A user can choose to prepopulate all RO metadata, thereby guaranteeing great efficiency in all queries. Prepopulating can take up to ten minutes, but it only needs to be executed once; perhaps more often if the user needs to refresh the metadata. Prepopulating the metadata is done in Python as...
from awsgnssroutils.database import populate
populate()
If a user erases metadata files in the metadata root path, future queries will still function correctly, but they will have to repopulate the metadata, thereby greatly increasing the wall clock time of queries.
2. Database Utility
The module awsgnssroutils.database obtains RO metadata from the AWS Registry of Open Data if needed, queries the metadata according to a variety of conditions, permits filtering/subsetting of the results, and downloads RO data as desired. The module defines two classes that serve as its core engine: RODatabaseClient and OccList. The first creates a portal to a database of RO metadata, and the second is an instance of a list of ROs. Each are described below.
RODatabaseClient
Create an instance of a portal to a metadata on all RO data in the AWS Registry of Open Data. This tool is made efficient by storing metadata used in previous queries on the local file system. Subsequent queries will find this metadata on the local file system and will not spend valuable wall clock time repeating the download of the metadata of interest. The same holds true for RO data files themselves: previously downloaded data are stored on the local file system. The user is free to clear out these local "mirrors" of the metadata and data, but this will penalize future efficiency for the gain of local disk space.
Executing queries. All queries to the AWS repository of RO data are executed through an instance of the RODatabaseClient class. The results of queries are instances of class OccList. Create an instance of the portal class in Python as...
from awsgnssroutils.database import RODatabaseClient
rodb = RODatabaseClient()
in which rodb is an interface directly to the AWS S3 bucket to access the metadata. If metadata has not been prepopulated, queries can be slow.
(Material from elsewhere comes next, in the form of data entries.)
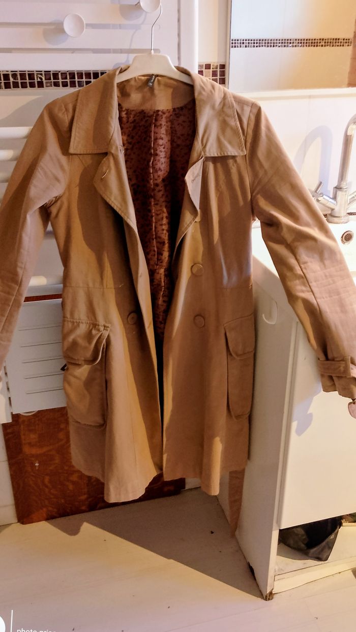 Naf naf, très jolie doublure à motifs, manteau très classe, avec sa ceinture et ses 2 poches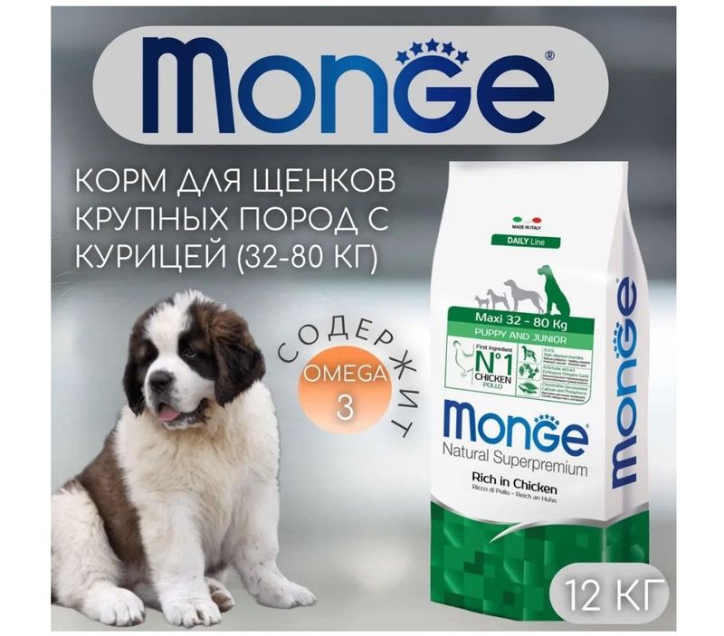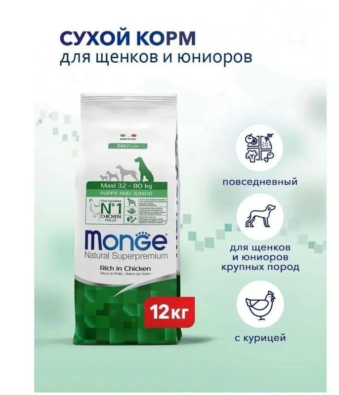 Monge (Монж) Dog Daily Line Puppy & Junior Maxi сухой корм из мяса курицы для щенков крупных пород 12 кг.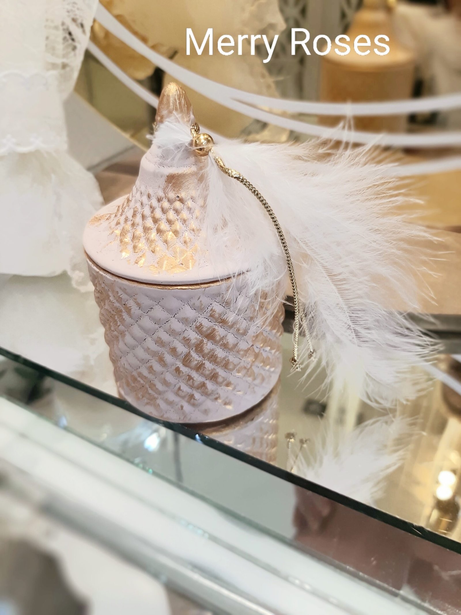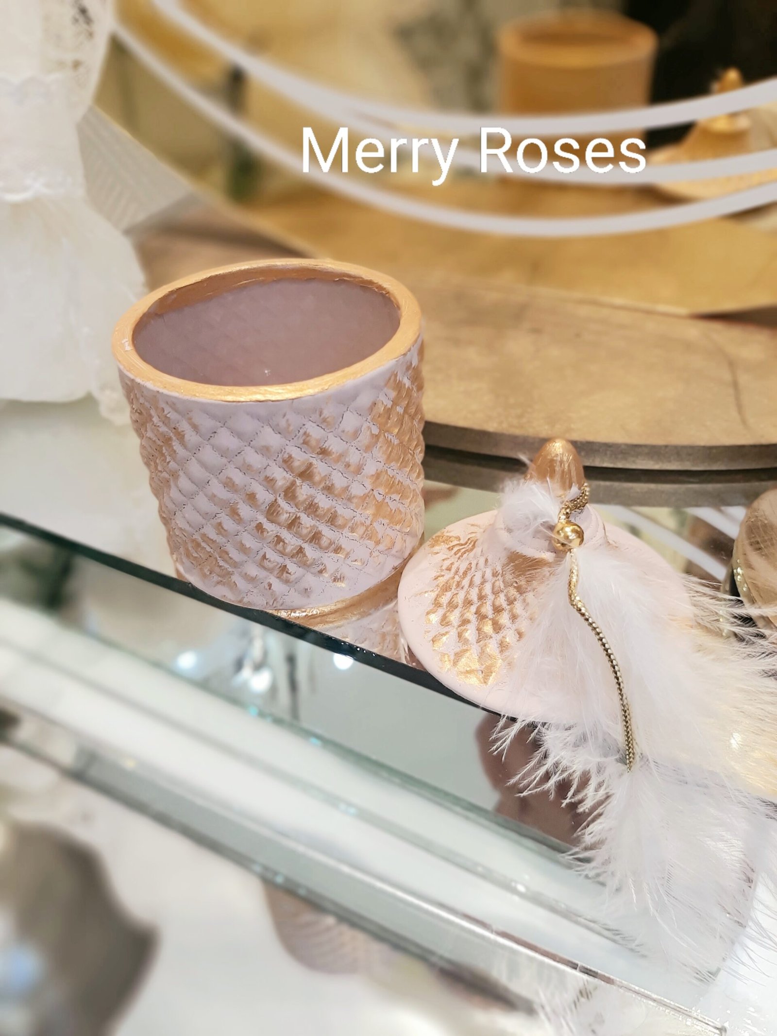 Μπομπονιέρα Φοντανιέρα Ρόζ με Πούπουλο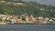 Wide panning shot of boat in ocean near waterfront / St. Georges, Greneda - HD stock video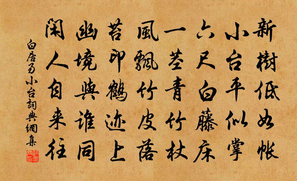新樹低如帳,小台平似掌。六尺白藤床,一莖青竹杖。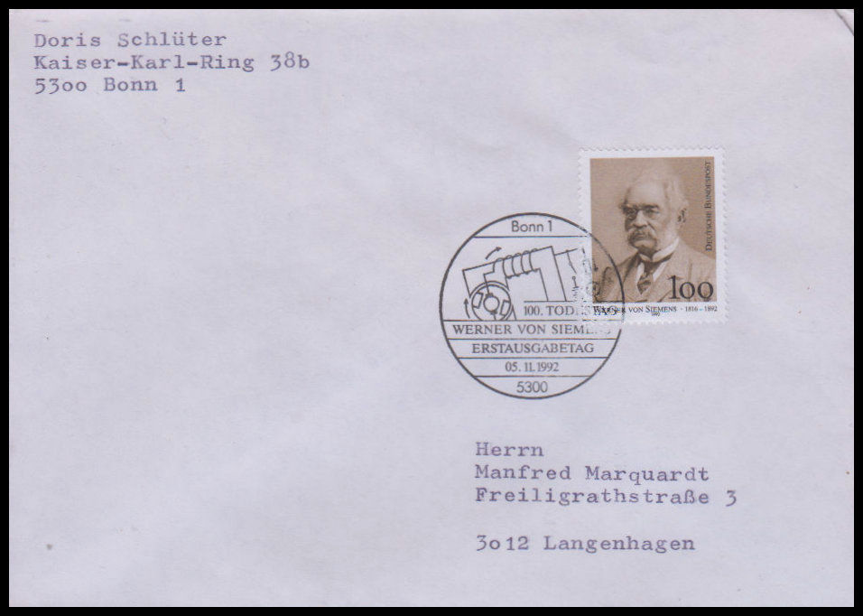 1992, 100. Todestag von Werner von SiemensErsttagsbrief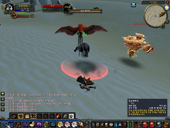 죽은척하기.. 얍삽하긴하지만 살기위해 어쩌겠습니까? 기능은 5분동안 죽은척 할 수 있으며 딜레이는 10분입니다.. 그렇다고 5분동안 누워있는라는 얘기는 아니구요. 몹이 저~ 멀리 갔다싶으면 이동키를 눌러 사르륵 이동하시면 됩니다+_+; (허나, 사용후에는 후유증이 있기마련.. 그러나 뛰어오는것보단 났겠지요?) 이 기술도 아직 문제점이 많습니다. 맞는 중에 이 기술을 쓰고나서.. 아~살았구나 하는순간에 죽은 적이 몇번이나 있었는지 모르겠네요.. 운인지 버그인지 몰라도 죽은척해도 치는몹이 있답니다.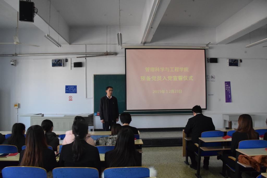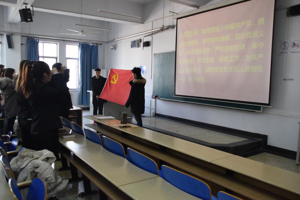 在A501教室举行预备党员入党宣誓仪式。仪式由学院党务办公室负责人宋智广主持,学院党委书记高永芳出席,学院第一学生党支部书记李淑菊、第二学生党支部书记王芳和全体预备党员参加。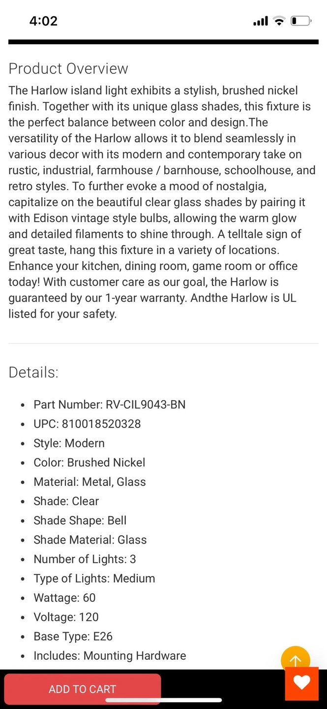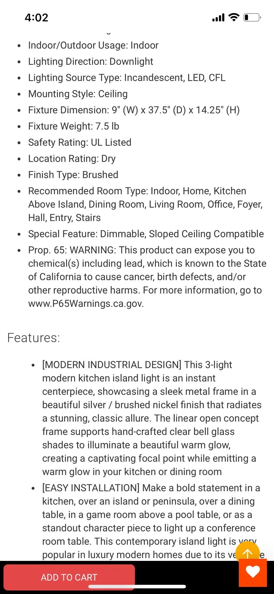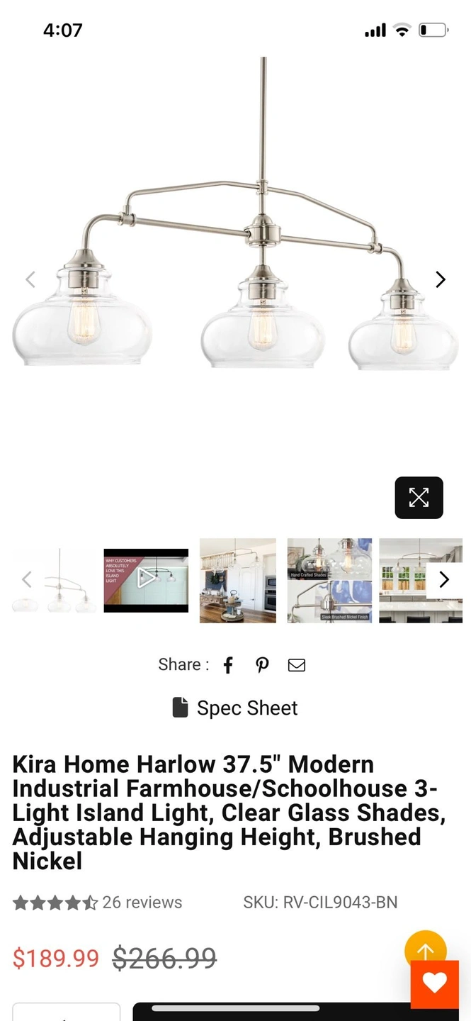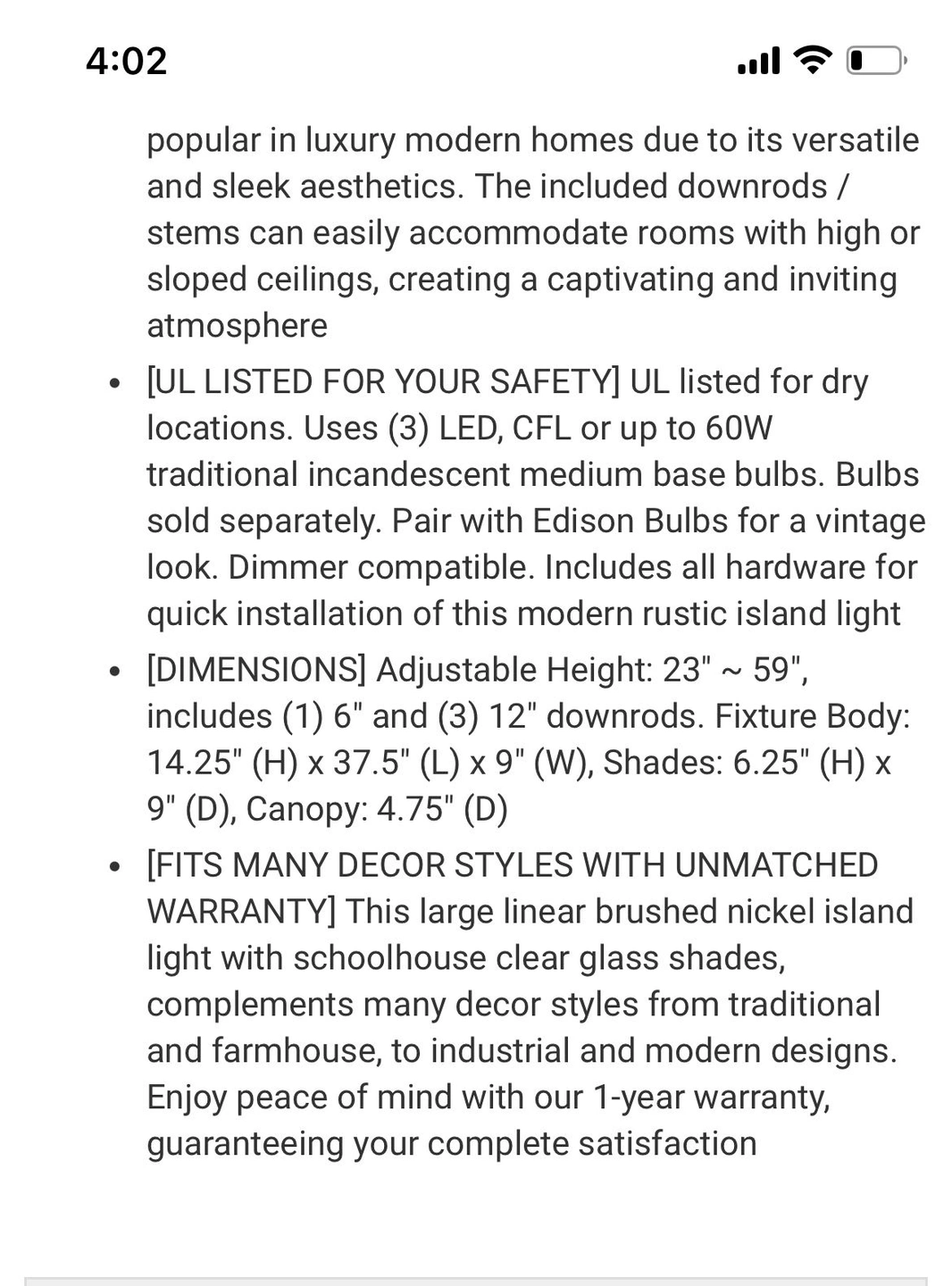 60Store return - new inbox light fixture Features: Dimmable, Adjustable Color: Nickel Style: Industrial Type: Ceiling light fixture Brand: Kira Home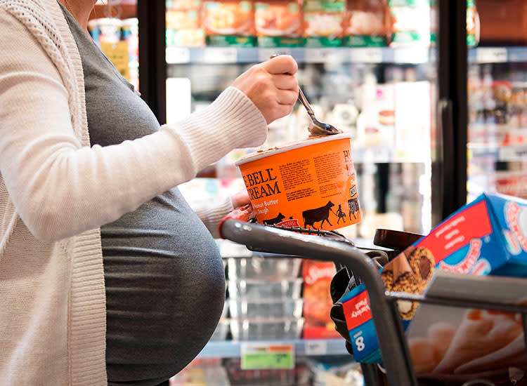 The setting for the session (a local grocery store) was a no-brainer, according to photographer Giles. “I don’t know about you, but what pregnant lady doesn’t love the grocery store?” she says. Giles captured Scott feasting on some of her most pressing cravings (kettle corn, pickles, ice cream) and topped it all off with a handful of TUMS.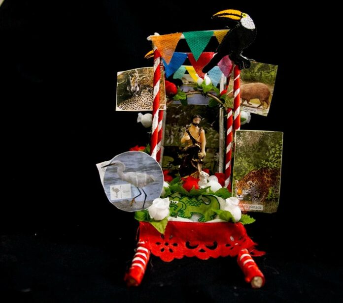 Na confecção do mini andor, Neyr Concho Pereira utilizou os seguintes materiais: fitas nas cores vermelho, branco e verde, imagens de animais do pantanal e flores nas cores vermelho e branco.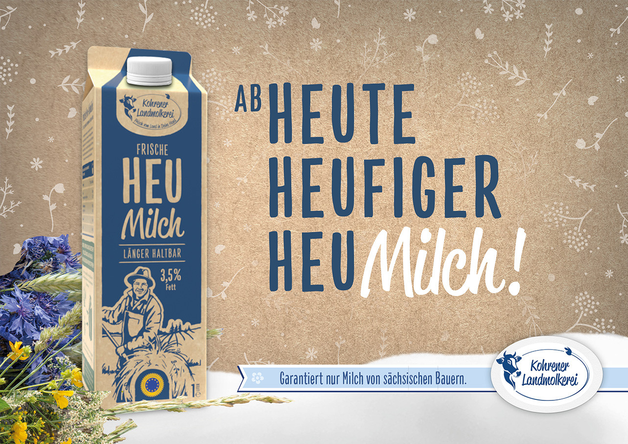 Die Kohrener Landmolkerei mit ihren Linien Bauernmilch und Heumilch bekamen 2020 ein neues Packaging-Design – erstmals seit vielen Jahren. Die Einführung des neuen Packaging-Designs soll nicht nur eine optische Veränderung, sondern auch Teil einer durchdachten Kommunikationsstrategie sein. Für die Agentur Dschoy hatte ich die Gelegenheit, in enger Zusammenarbeit eine Kommunikationsstrategie und ein mehrstufiges Konzept zu entwickeln.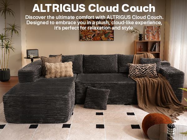 【2 Package Shipping】Ovios 104" Cloud Sectional Couch with L-Shaped Chaise, Modern Modular Design, No Assembly Required, Plush Corduroy Cloud Velvet Fabric, 2 Pieces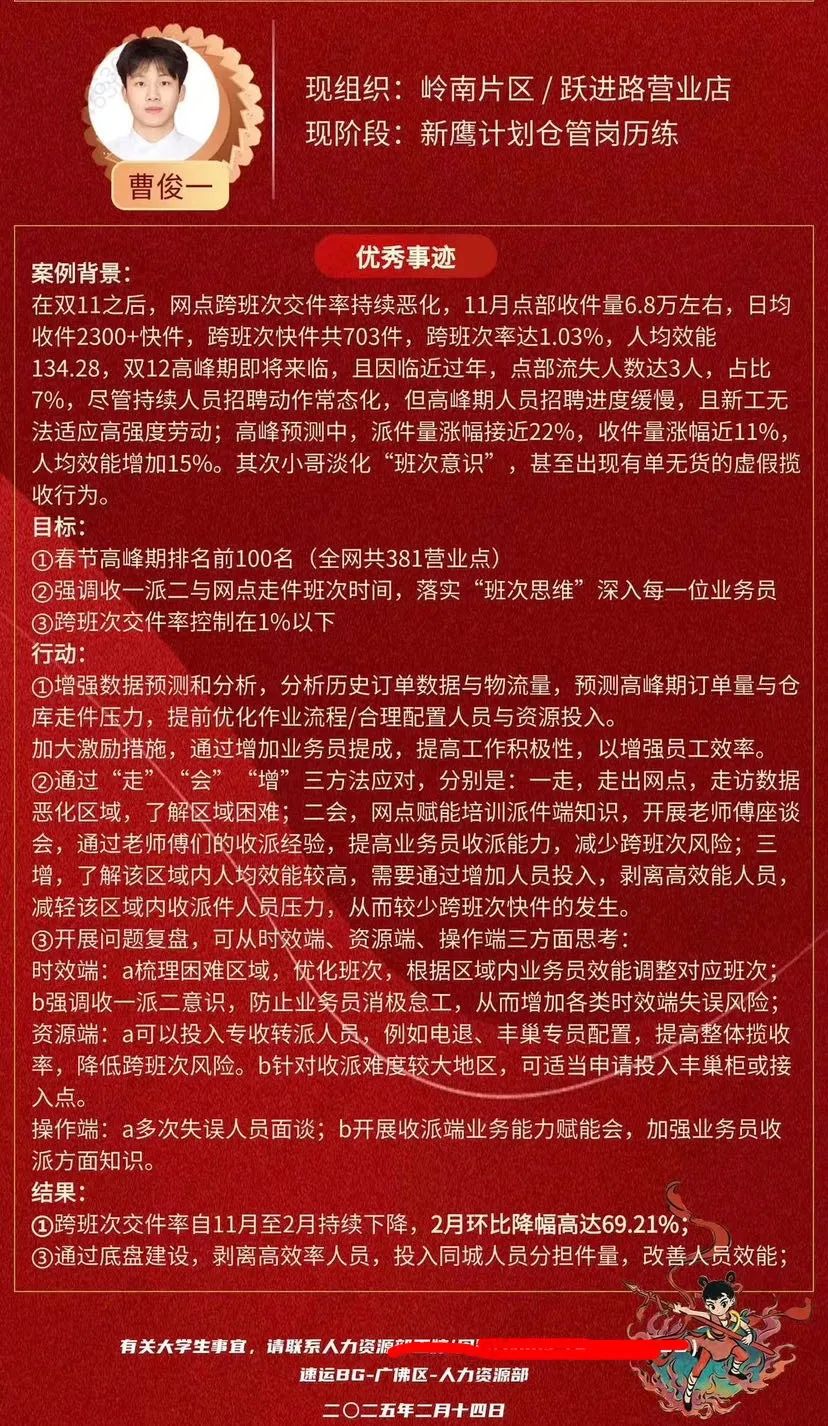 我在广州顺丰速运有限公司的实习是我求职过程中的一大亮点。在顺丰的实习过程中,我担任了经营管理岗(网点负责人)新鹰计划实习生,参与了业务员收派岗、仓管岗一二线基层工作,目前也担任人力资源岗助理等多个岗位轮值。在担任HR期间,我了解了如何在几百份简历中挑选较优秀的求职者。在与团队的紧密合作中,我学到了如何在快节奏的环境中高效管理资源,提升了我的问题解决能力和团队协作能力。此外,我还深入参与了物流信息系统的使用与优化工作,增强了自己在物流信息化管理方面的知识与实践能力。我的努力和表现得到了公司领导的认可,最终成功获得了顺丰速运的正式offer。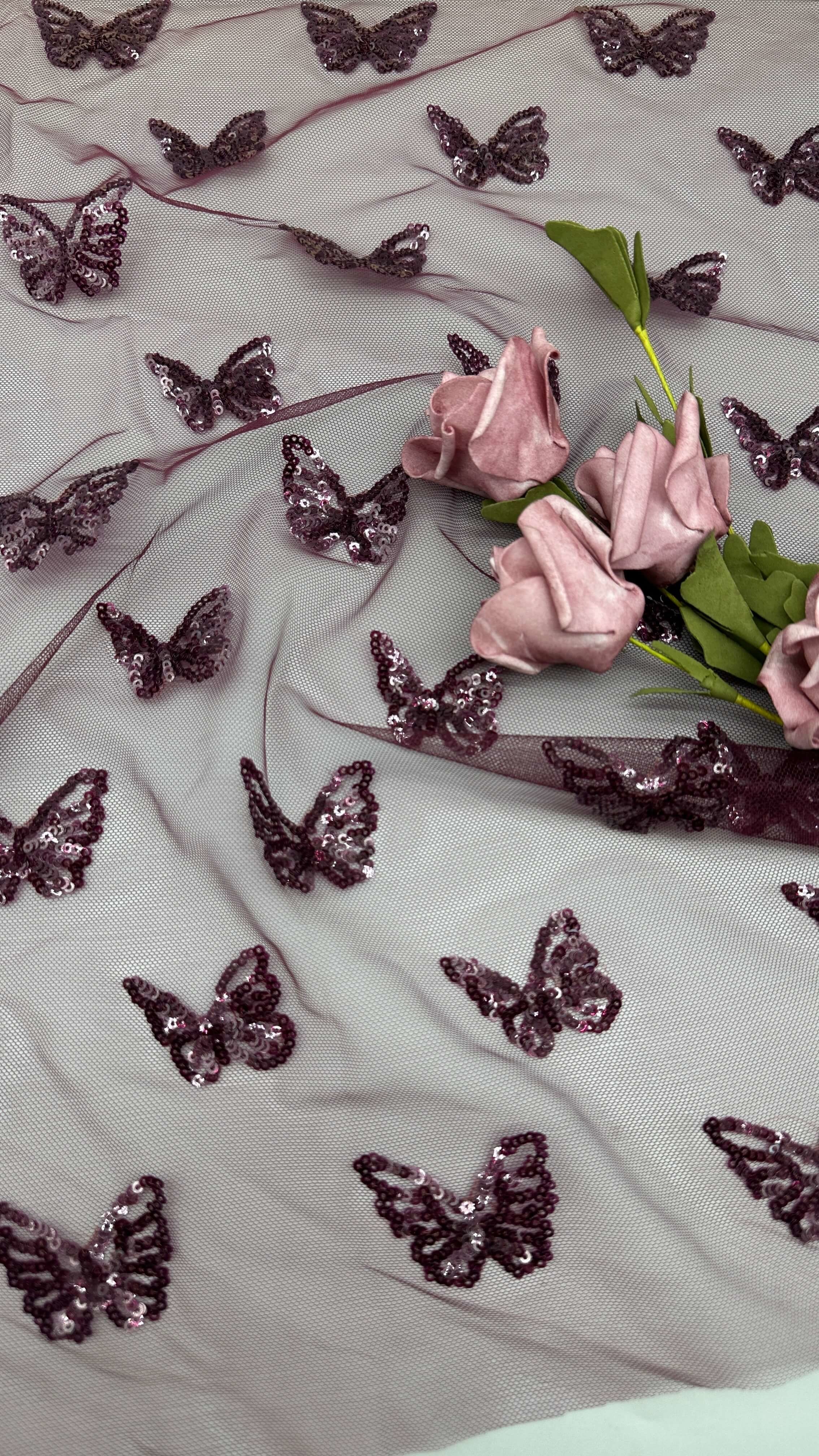 Mettre en évidence: | Tissu brodé de sequins de luxe,tissu en dentelle à paillettes papillon,tissu de broderie durable pour mariages |

If authentication is needed for access to an AWS S3 bucket, this class will automatically re-authenticate without user interference.
There are two methods to create a list of occultations through the database client. One is to perform an inquiry in which missions and/or a date-time range is specified, and a second is to restore a previously saved list of RO data. In Python,
occlist = rodb.query( missions="champ" )
generates an OccList containing metadata on all CHAMP RO data. The inquiry can be performed instead over a range in time. The date-time fields are always ISO format times:
occlist = rodb.query( datetimerange=("2019-06-01","2019-06-30") )
creates an OccList of metadata for all RO soundings in the month of June, 2019, regardless of mission.
The other option to creating an OccList is to restore a previously saved OccList:
occlist = rodb.restore( "old_occlist.json" )
in which the old OccList was saved in a JSON format file.
A jupyter notebook is provided for introduction to the database module as database_demonstration.
OccList
An instance of the class OccList is contains the metadata on a list of RO soundings along with pointers to the RO data files in the AWS Registry of Open Data S3 bucket. AWS functionality is completely embedded in the methods of the OccList class. Those methods include the ability to subset/filter the list according to geolocation and time, GNSS transmitter/constellation, GNSS receiver, whether it is a rising or a setting occultation, etc. It also includes the ability to combine instances of OccList, save the OccList to a JSON format file for future restoration by RODatabaseClient.restore, and even download RO data files.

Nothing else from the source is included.